Take the listing from its first line through the line that contains "如果你想使用 Mozilla 帐户来同步你的历史记录/书签和浏览器数据,Firefox" and please retype those lines exactly, leaving out the pictures.

— Data under study —
◆ ◆ ◆ ◆ ◆

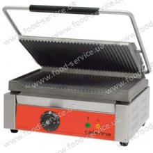 Електричний контактний гриль Stalgast Panini з ребристою поверхнею.   Грилі контактні Hendi призначені для смаження м'яса, сосисок, бутербродів, риби, а також яєчні, омлетів, млинців та ін:   • терморегулятор дозволяє встановлювати температуру від 0 до 300 °С;   • нагрів здійснюється одночасно зверху і знизу; • корпус виконаний з нержавіючої сталі;   • робочі поверхні чавунні з керамічним покриттям;   • ручки виконані з термостійкого матеріалу; • знімний піддон для збору зайвого жиру; • тиск верхньої робочої поверхні регулюється притискною пружиною, що забезпечує адаптацію до різної товщини продукту; • Світловий індикатор нагріву •  Індикатор мережі ON/OFF  • комплектуються щіткою для легкого очищення
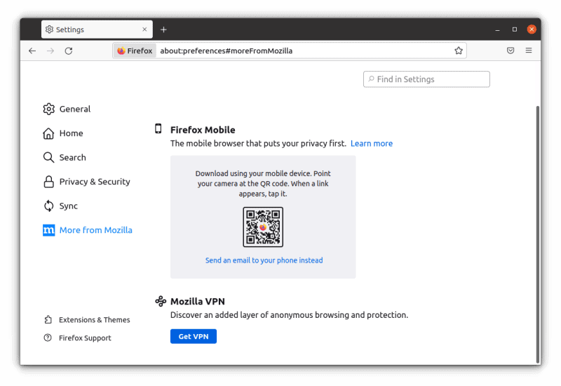 如果你想使用 Mozilla 帐户来同步你的历史记录/书签和浏览器数据,Firefox 是最好的选择。如果你需要,还有 Firefox VPN。
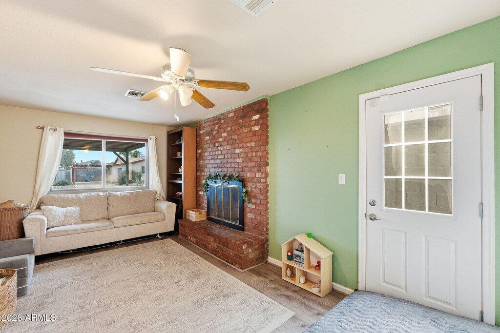 Charming 3-bedroom,2-bath home for rent in North Phoenix in a quiet,no-HOA neighborhood. Spacious great room with an open layout and a separate den with fireplace--perfect for a home office or extra living space. The large corner lot backyard is great for entertaining,featuring covered and uncovered patios,a pergola for shaded gatherings,turf and natural grass,plus an 8x12 storage shed and A/C studio. Solar and a water softener add comfort and efficiency. Close to hiking at Piestewa Peak and near shopping and dining.
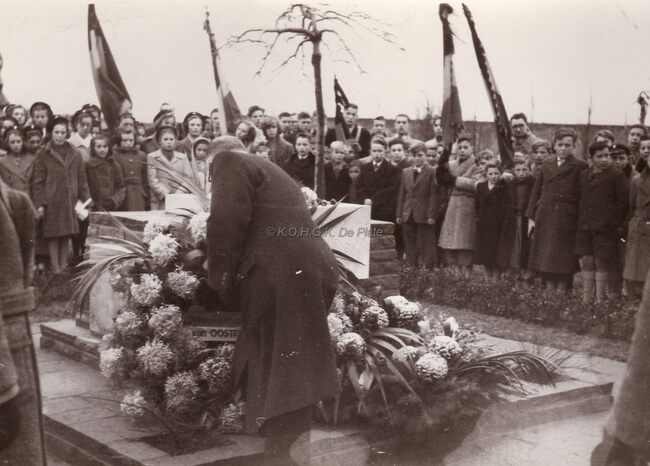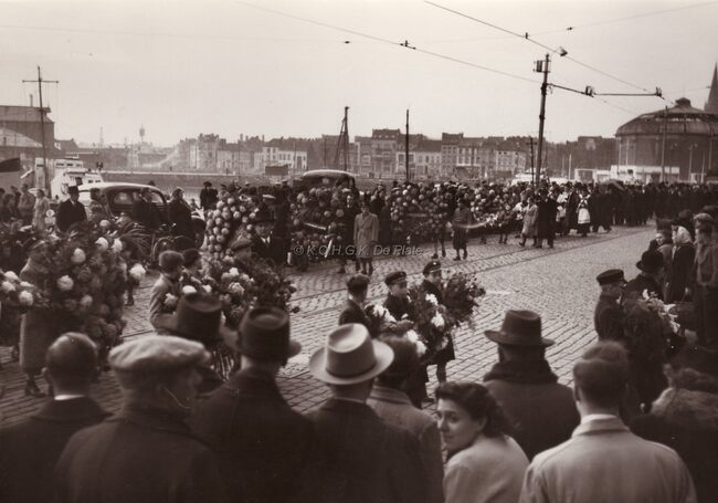 Herdenking van James Ensor. Burgemeester Hendrik Serruys legt een krans op het graf bij de Duinenkerk. De Oostendse schooljeugd, mét vaandels, is aanwezig.
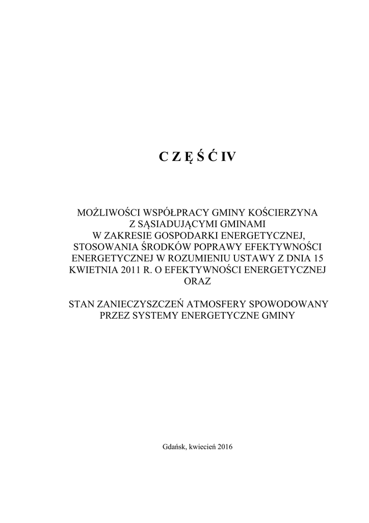 C Z Ę Ś Ć IV MOŻLIWOŚCI WSPÓŁPRACY GMINY KOŚCIERZYNA Z SĄSIADUJĄCYMI GMINAMI W ZAKRESIE GOSPODARKI ENERGETYCZNEJ, STOSOWANIA ŚRODKÓW POPRAWY EFEKTYWNOŚCI ENERGETYCZNEJ W ROZUMIENIU USTAWY Z DNIA 15 KWIETNIA 2011 R. O EFEKTYWNOŚCI ENERGETYCZNEJ ORAZ STAN ZANIECZYSZCZEŃ ATMOSFERY SPOWODOWANY PRZEZ SYSTEMY ENERGETYCZNE GMINY Gdańsk, kwiecień 2016 Projekt założeń do planu zaopatrzenia w ciepło, energię elektryczną i paliwa gazowe dla gminy Kościerzyna – aktualizacja C Z Ę Ś Ć IV - SPIS TREŚCI 1. CHARAKTERYSTYKA ENERGETYCZNA GMINY KOŚCIERZYNA ORAZ SĄSIADUJĄCYCH GMIN ............................................................................................ 3 1.1. CHARAKTERYSTYKA GMINY KOŚCIERZYNA............................................................................................... 3 1.2. CHARAKTERYSTYKA GMIN SĄSIADUJĄCYCH Z GMINĄ KOŚCIERZYNA ........................................................ 7 2. POTENCJALNE MOŻLIWOŚCI, ZAKRES WSPÓŁPRACY GMINY KOŚCIERZYNA Z SĄSIADUJĄCYMI GMINAMI W RÓŻNYCH SEKTORACH ENERGETYCZNYCH ........................................................................ 20 2.1. 2.2. 2.3. 2.4. 2.5. ZAOPATRZENIE W CIEPŁO ......................................................................................................................... 20 ZAOPATRZENIE W ENERGIĘ ELEKTRYCZNĄ .............................................................................................. 20 ZAOPATRZENIE W PALIWA GAZOWE ......................................................................................................... 21 ODNAWIALNE ŹRÓDŁA ENERGII (OZE) .................................................................................................... 21 UWAGI I WNIOSKI ..................................................................................................................................... 22 3. MOŻLIWOŚCI STOSOWANIA ŚRODKÓW POPRAWY EFEKTYWNOŚCI ENERGETYCZNEJ W ROZUMIENIU USTAWY Z DNIA 15 KWIETNIA 2011 R. O EFEKTYWNOŚCI ENERGETYCZNEJ............................................................. 23 4. STAN ZANIECZYSZCZEŃ ATMOSFERY SPOWODOWANY PRZEZ SYSTEMY ENERGETYCZNE MIASTA I GMINY .................................................. 25 4.1. 4.2. 4.3. 4.4. 4.5. 4.6. ŹRÓDŁA EMISJI ZANIECZYSZCZEŃ ............................................................................................................ 25 ANALIZA EMISJI ZANIECZYSZCZEŃ W LATACH 2014-2015 ....................................................................... 25 ANALIZA EMISJI ZANIECZYSZCZEŃ W ROKU 2021 .................................................................................... 26 ANALIZA EMISJI ZANIECZYSZCZEŃ W ROKU 2031 .................................................................................... 26 OCENA POPRAWY STANU POWIETRZA ATMOSFERYCZNEGO ..................................................................... 27 WNIOSKI DOTYCZĄCE STANU AKTUALNEGO POWIETRZA ATMOSFERYCZNEGO ........................................ 29 2 Fundacja Poszanowania Energii w Gdańsku 2016 Projekt założeń do planu zaopatrzenia w ciepło, energię elektryczną i paliwa gazowe dla gminy Kościerzyna – aktualizacja 1. CHARAKTERYSTYKA ENERGETYCZNA GMINY KOŚCIERZYNA ORAZ SĄSIADUJĄCYCH GMIN 1.1. Charakterystyka gminy Kościerzyna Gmina wiejska Kościerzyna leży w południowo - środkowej części Województwa Pomorskiego w Powiecie Kościerskim, na pograniczu Pojezierza Kaszubskiego (Szwajcarii Kaszubskiej) i Borów Tucholskich. Na terenie gminy znajduje się kilka większych jezior Pojezierza Kaszubskiego, tj. m.in. Gołuń, Sudomie, Garczyn i w bardzo niewielkim zakresie jezioro Wdzydze. Gmina Kościerzyna sąsiaduje bezpośrednio z następującymi gminami i miastami: - od strony wschodniej z gminami Nowa Karczma i Liniewo, - od strony południowej i południowego-wschodu z gminami Stara Kiszewa i Karsin, - od strony zachodniej z gminami Dziemiany i Lipusz, - od strony północnej i północnego-wschodu z gminami Stężyca, Sulęczyno i Somonino należącymi do powiatu kartuskiego, - otacza miasto Kościerzyna. Lokalizację gmin sąsiadujących z gminą Kościerzyna na terenie województwa pomorskiego przedstawiono na rysunku nr 1.1. Powierzchnia gminy w aktualnych granicach administracyjnych wynosi 309,19 km2. Na obszarze gminy zlokalizowane jest 74 miejscowości wiejskich w 36 sołectwach. Siedziba gminy zlokalizowana jest w mieście Kościerzyna. Według stanu na dzień 31.12.2015 r. gmina liczy 15.404 mieszkańców. Gęstość zaludnienia wynosi blisko 50 osób na 1 km2. Lasy i grunty leśne zajmują powierzchnię ok. 14.923 ha (48% powierzchni gminy), zaś użytki rolne – ok. 11.772 ha (znaczna większość to grunty orne), co stanowi ok. 38% powierzchni, natomiast wody zajmują powierzchnię ok. 1.879 ha, co stanowi ok. 6% powierzchni gminy. Tereny zurbanizowane zajmują około 1.474 ha i stanowią ok. 5% powierzchni. Nieużytki oraz pozostałe tereny obejmują obszar około 871 ha, co stanowi ponad 3% obszaru gminy. Gmina Kościerzyna jest typową gminą rolniczo – turystyczną. Główne sektory gospodarki gminy ukierunkowane są na: turystykę, rolnictwo oraz różnego rodzaju drobne usługi. Na terenie gminy funkcjonują także zakłady przemysłowe o znaczeniu ponadlokalnym, zajmujące się produkcją ceramiki, drzewną i materiałów budowlanych. Rolnictwo jest dominującą formą działalności gospodarczej. Gospodarstwa rolne i podmioty działające w otoczeniu rolnictwa, w tym turystyka stanowią potencjał gospodarczo – ekonomiczny gminy. Dogodne warunki dla rozwoju gospodarki rolnej na obszarze gminy stwarzają gleby. Na terenie gminy Kościerzyna występują zróżnicowane warunki glebowe. Dominują gleby brunatne wyługowane i brunatne kwaśne oraz gleby bielicowe i pseudobielicowe. Znaczne powierzchnie zajmują także gleby pochodzenia organogenicznego – torfowo-mułowe, murszowotorfowe i torfy. Na terenie gmi
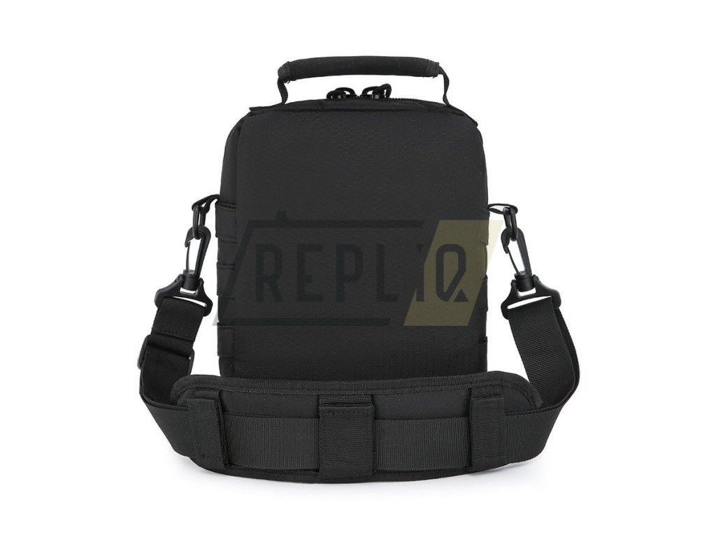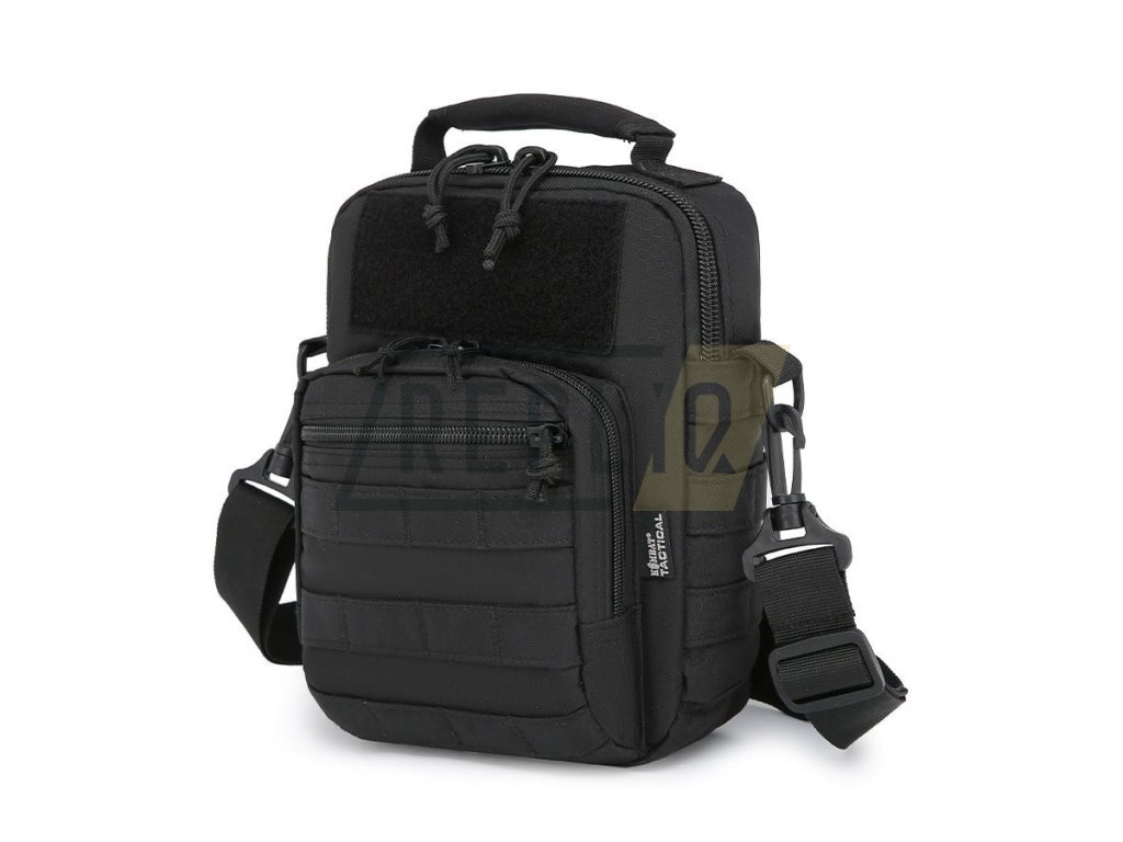 Odepínatelný nosný popruh tašky je k plastovým D kroužkům fixován pomocí karabinek, je délkově nastavitelný a opatřený odnímatelným polstrovaným segmentem. Na bocích tašky naleznete modulární vazbu standardu MOLLE/PALS, která lze využít k připevnění malých pouzder či k zavěšení karabin či psacích potřeb. Na čelní straně se nachází další modulární vazba a dvě kapsy přístupné skrze zip. Na horní části tašky naleznete pruh suchého zipu pro vaše VELCRO nášivky a neoprenové přenášecí madlo. Hlavní úložný prostor je přístupný skrze dvoucestný zip a v jeho vnitřku naleznete integrované pouzdro na uložení pistole.

◆ ◆ ◆ ◆ ◆

— Answer section —
 Електричний контактний гриль Stalgast Panini з ребристою поверхнею.   Грилі контактні Hendi призначені для смаження м'яса, сосисок, бутербродів, риби, а також яєчні, омлетів, млинців та ін:   • терморегулятор дозволяє встановлювати температуру від 0 до 300 °С;   • нагрів здійснюється одночасно зверху і знизу; • корпус виконаний з нержавіючої сталі;   • робочі поверхні чавунні з керамічним покриттям;   • ручки виконані з термостійкого матеріалу; • знімний піддон для збору зайвого жиру; • тиск верхньої робочої поверхні регулюється притискною пружиною, що забезпечує адаптацію до різної товщини продукту; • Світловий індикатор нагріву •  Індикатор мережі ON/OFF  • комплектуються щіткою для легкого очищення
 如果你想使用 Mozilla 帐户来同步你的历史记录/书签和浏览器数据,Firefox 是最好的选择。如果你需要,还有 Firefox VPN。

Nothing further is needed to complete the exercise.